Exercise: There is a line containing "Vitals Vitamine C" in the records below. Repeat it and every line after it, exactly, through the final line, but no pictures.

(Extracted records)
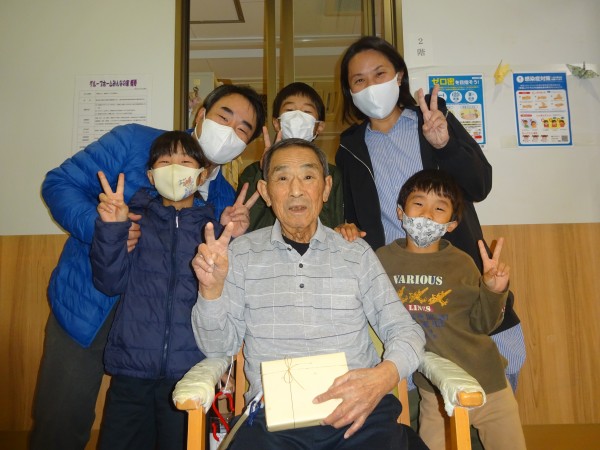 「おめでとう!!」と可愛い元気な声が、、、そうです!S 様の次女様ご一家の面会です。3人のお孫様とは♥ペンフレンド♥
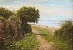He had his debut at the Charlottenborg Spring Exhibition with Et Bondehus (1875) and painted street life pictures in the years from 1876-1878. In 1879, he painted 3 Piger (1879) which along with two other pictures was bought by Kunstforeningen.[1] He preferred painting rural scenes and soon discovered his increasing interest in depicting animals. He also became a capable landscape painter, having a particular skill for representing men and animals and the space surrounding them as can be seen in En ung Pige, som giver en Hest Brød (1880).[1]
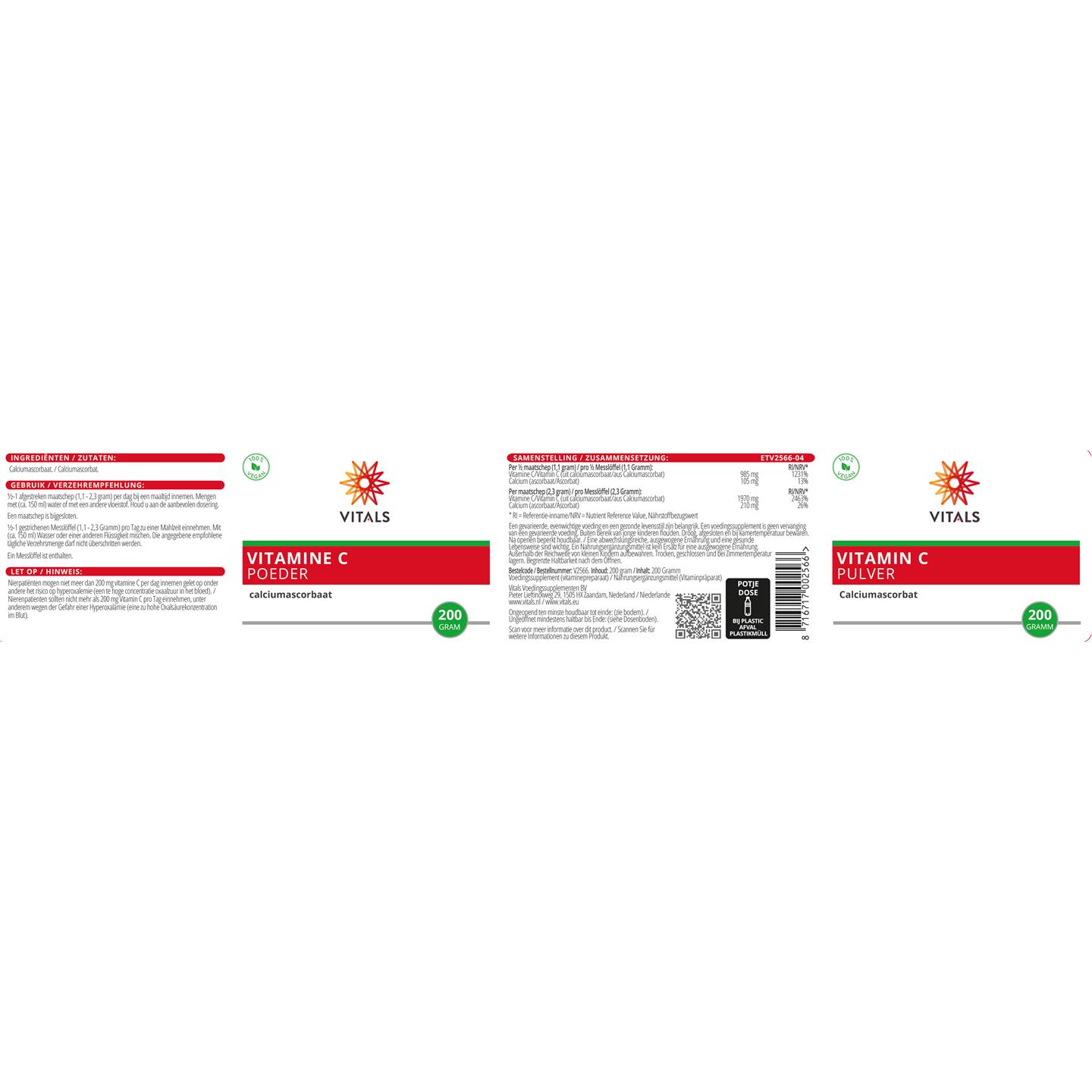 Vitals Vitamine C poeder (calciumascorbaat) 200 gram
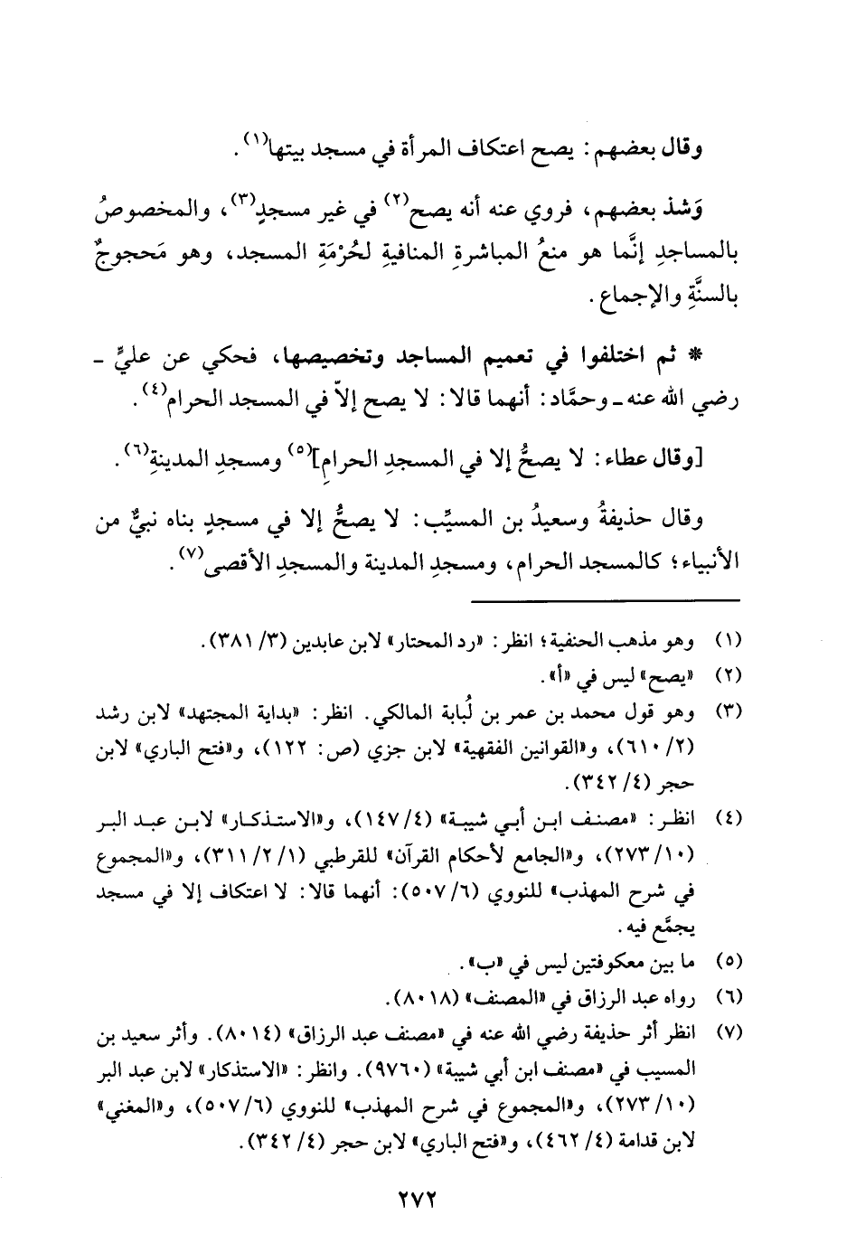 (¬4) انظر: "مصنف ابن أبي شيبة" (4/ 147)، و"الاستذكار" لابن عبد البر (10/ 273)، و"الجامع لأحكام القرآن" للقرطبي (1/ 2/ 311)، و"المجموع في شرح المهذب" للنووي (6/ 507): أنهما قالا: لا اعتكاف إلا في مسجد يجمَّع فيه.
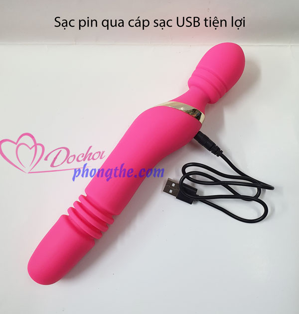 - Chày rung Lucy Vibrating Rod được sạc điện với dây sạc USB thời lượng sử dụng cũng khá cao nên chị em hoàn toàn yên tâm không lo hết pin giữa chừng mà làm giảm đi sự sung sướng.
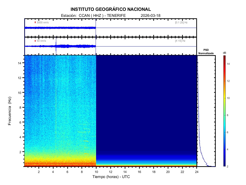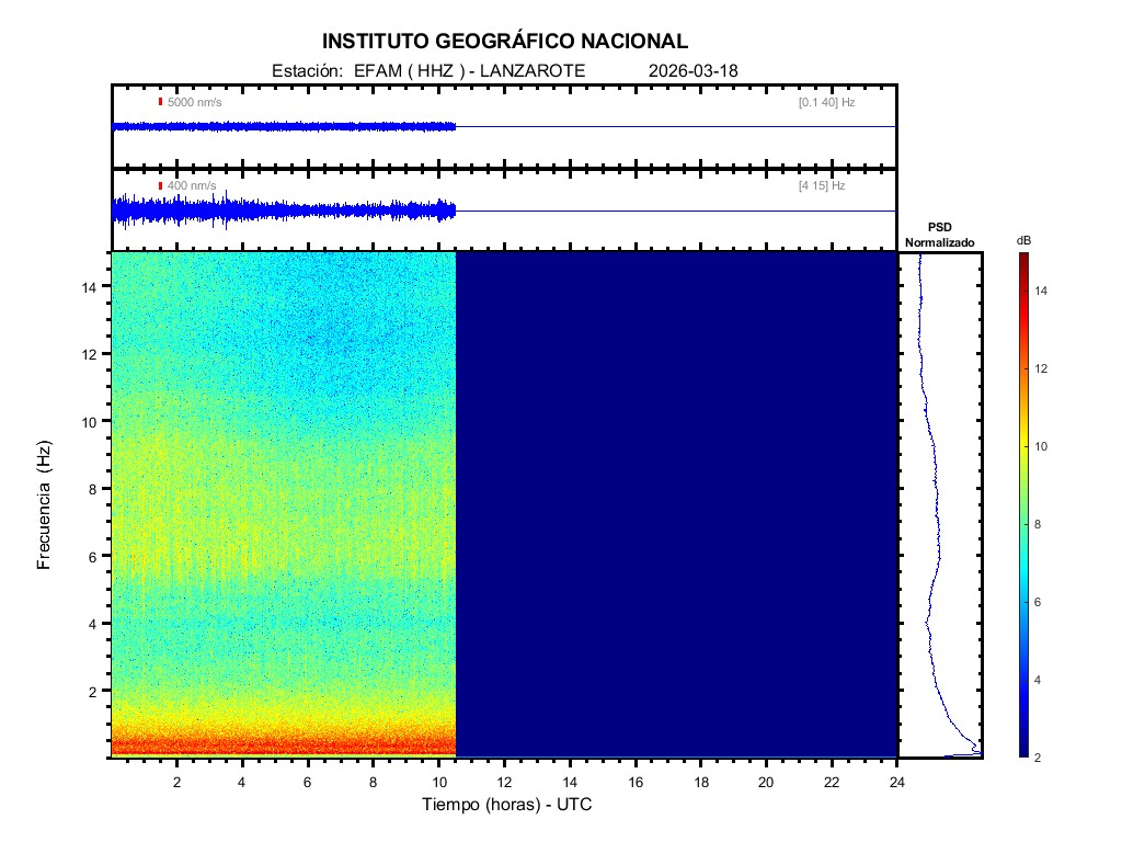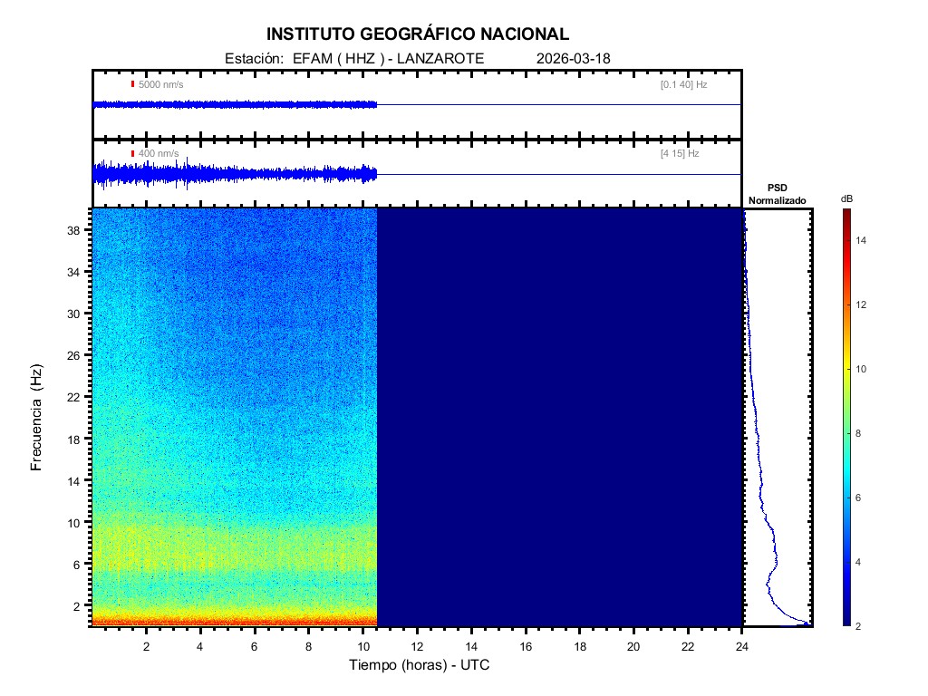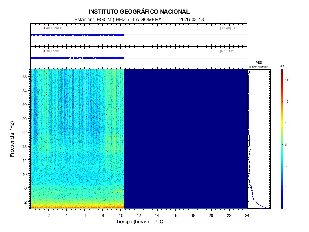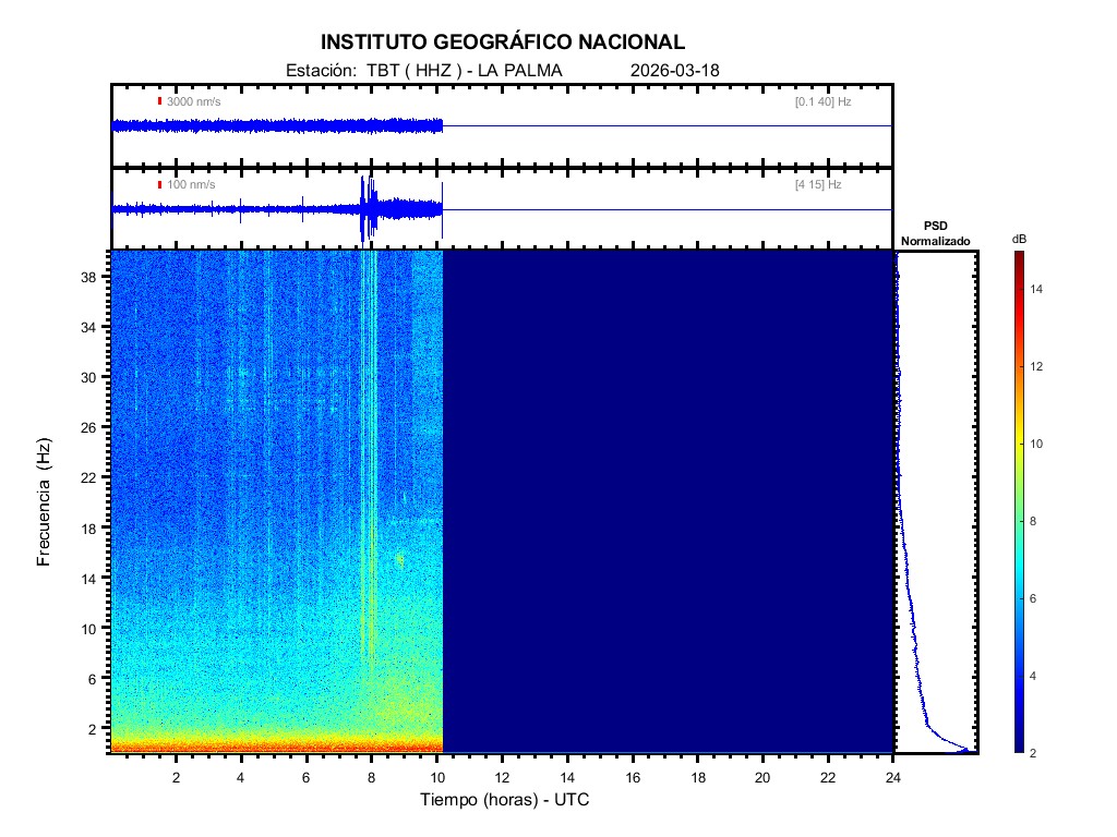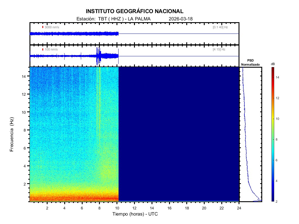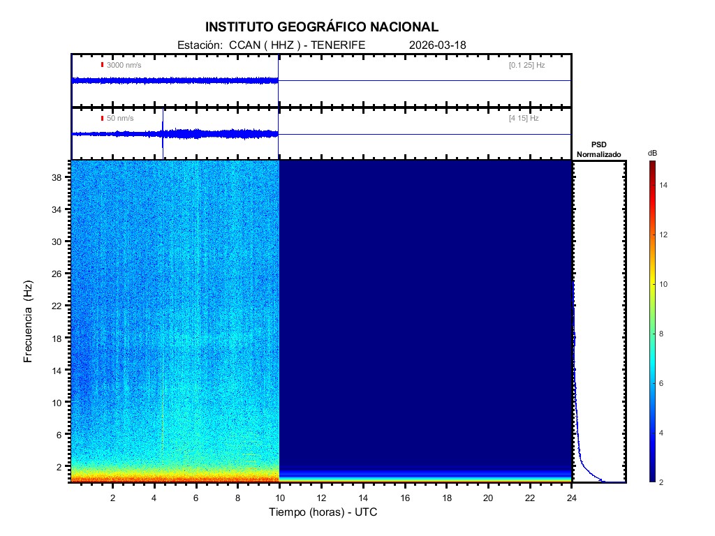 | 2026-03-18 | Forma de Onda (Filtro banda ancha) | Forma de Onda (Filtro corto periodo) | Espectrograma ([0 40] Hz) | Espectrograma ([0 15] Hz) | ||

Answer to the problem:
 Vitals Vitamine C poeder (calciumascorbaat) 200 gram
 (¬4) انظر: "مصنف ابن أبي شيبة" (4/ 147)، و"الاستذكار" لابن عبد البر (10/ 273)، و"الجامع لأحكام القرآن" للقرطبي (1/ 2/ 311)، و"المجموع في شرح المهذب" للنووي (6/ 507): أنهما قالا: لا اعتكاف إلا في مسجد يجمَّع فيه.
 - Chày rung Lucy Vibrating Rod được sạc điện với dây sạc USB thời lượng sử dụng cũng khá cao nên chị em hoàn toàn yên tâm không lo hết pin giữa chừng mà làm giảm đi sự sung sướng.
 | 2026-03-18 | Forma de Onda (Filtro banda ancha) | Forma de Onda (Filtro corto periodo) | Espectrograma ([0 40] Hz) | Espectrograma ([0 15] Hz) | ||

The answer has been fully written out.